▶ **PROBLEM DESCRIPTION**: Everything from the line that contains "但是在第二步的时候出现了问题" through the last line below should be transcribed exactly, except the pictures.

(RECORD SET Opens)

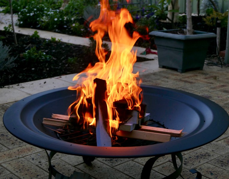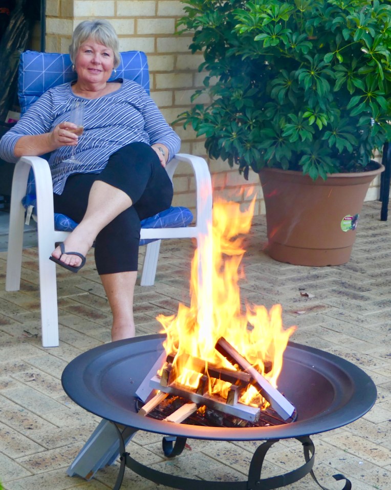 As the flames took hold a hose came over the fence – Our friend and neighbour had seen the smoke and decided he’d better come to the rescue…… LOL! Now Brian’s starting to get a bit of reputation with flames and fire (or perhaps he’s always had it) – so rather than risk him completely dousing our flames, we thought he and Kaye had better come over to share a glass of red and soak up the ambience with us.  Anyway, what’s better than sitting around a fire pit in your back yard? Having friends sitting around it with you of course!
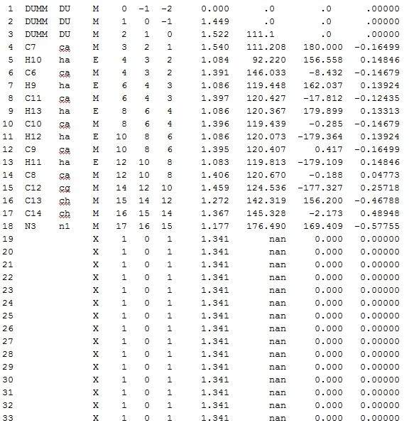 但是在第二步的时候出现了问题,生成的prepin文件如图e.prepin。也就是只识别了那个小分子的一部分,另一部分没有识别。求大神解答,这到底怎么回事?谢谢。
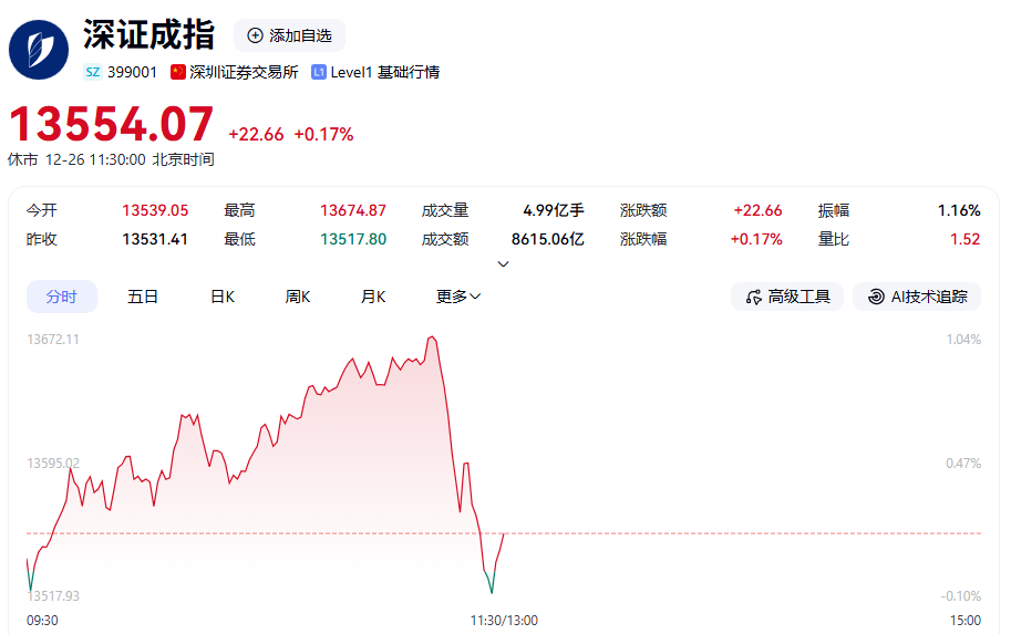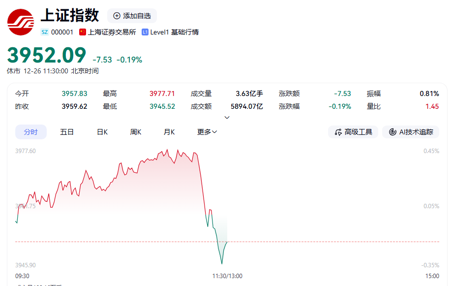 主要股指突然走低。 A股市场今天(12月26日)早盘震荡走强,临近午盘(11:13),主要股指小幅跳水,上证指数、创业板指等翻绿。 盘面上,有色金属和电力设备板块个股掀起涨停潮,成为上午A股市场两大亮点。
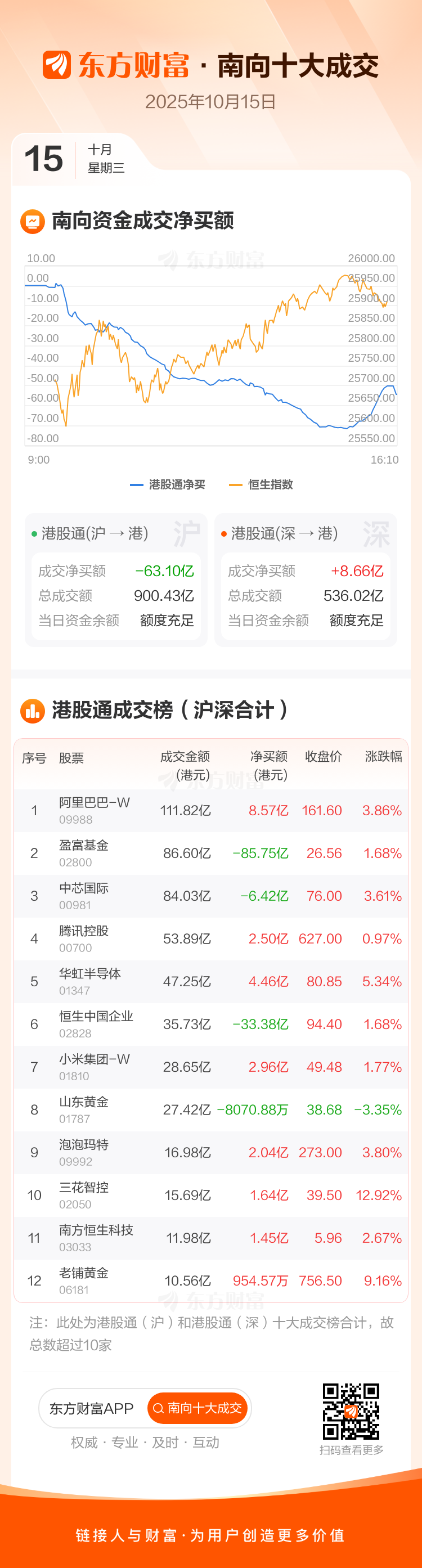 恒生指数10月15日涨1.84%,收报25910.6点。南向资金今日净卖出港股54.43亿港元。南向资金今日成交额1436.45亿港元,港股大市成交3158.13亿港元。
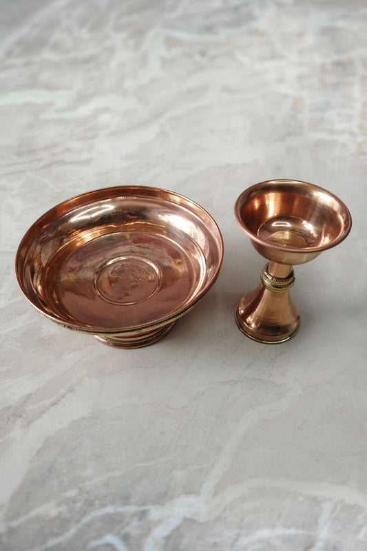 Copper Serkym Set, Hand Made Tibetan Buddhist Serkyem Copper Set 6"

(RECORD SET Closes)

▶ **ANSWER BOX**:
 但是在第二步的时候出现了问题,生成的prepin文件如图e.prepin。也就是只识别了那个小分子的一部分,另一部分没有识别。求大神解答,这到底怎么回事?谢谢。
 主要股指突然走低。 A股市场今天(12月26日)早盘震荡走强,临近午盘(11:13),主要股指小幅跳水,上证指数、创业板指等翻绿。 盘面上,有色金属和电力设备板块个股掀起涨停潮,成为上午A股市场两大亮点。
 恒生指数10月15日涨1.84%,收报25910.6点。南向资金今日净卖出港股54.43亿港元。南向资金今日成交额1436.45亿港元,港股大市成交3158.13亿港元。
 Copper Serkym Set, Hand Made Tibetan Buddhist Serkyem Copper Set 6"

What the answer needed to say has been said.